[Source material]

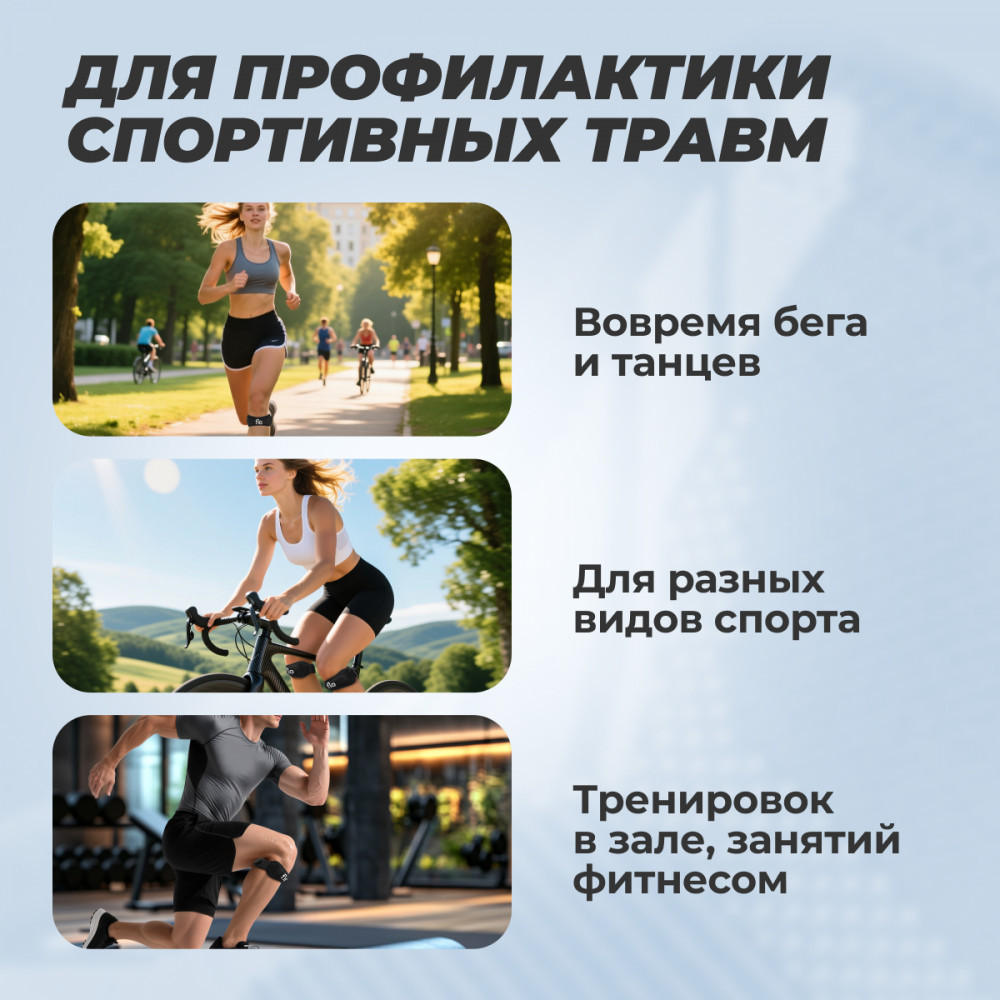 • надежная фиксация — стабилизирует связку надколенника в зоне её прикрепления, снижая риск травм при резких и нестабильных движениях;
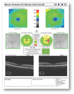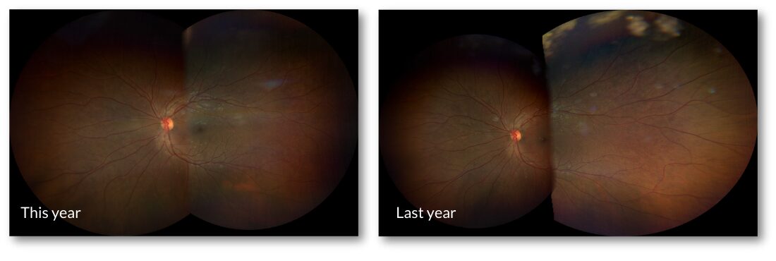 The photos show some progression, so we ran an OCT (Figure 3), which looks good overall, with no macular edema, no major macular ischemia or thinning.
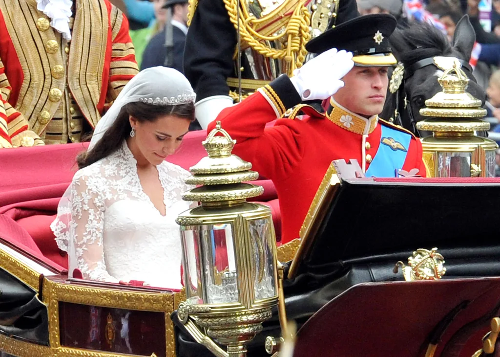 The newly minted Duke and Duchess of Cambridge rode through London by carriage after the Westminster Abbey service, but as a mark of respect Catherine would bow her head every time William would salute.

[/Source material]

In the copy, include each line from the start of the material through the line with "The photos show", word for word, but none of the pictures.

## [Expected output]
 • надежная фиксация — стабилизирует связку надколенника в зоне её прикрепления, снижая риск травм при резких и нестабильных движениях;
 The photos show some progression, so we ran an OCT (Figure 3), which looks good overall, with no macular edema, no major macular ischemia or thinning.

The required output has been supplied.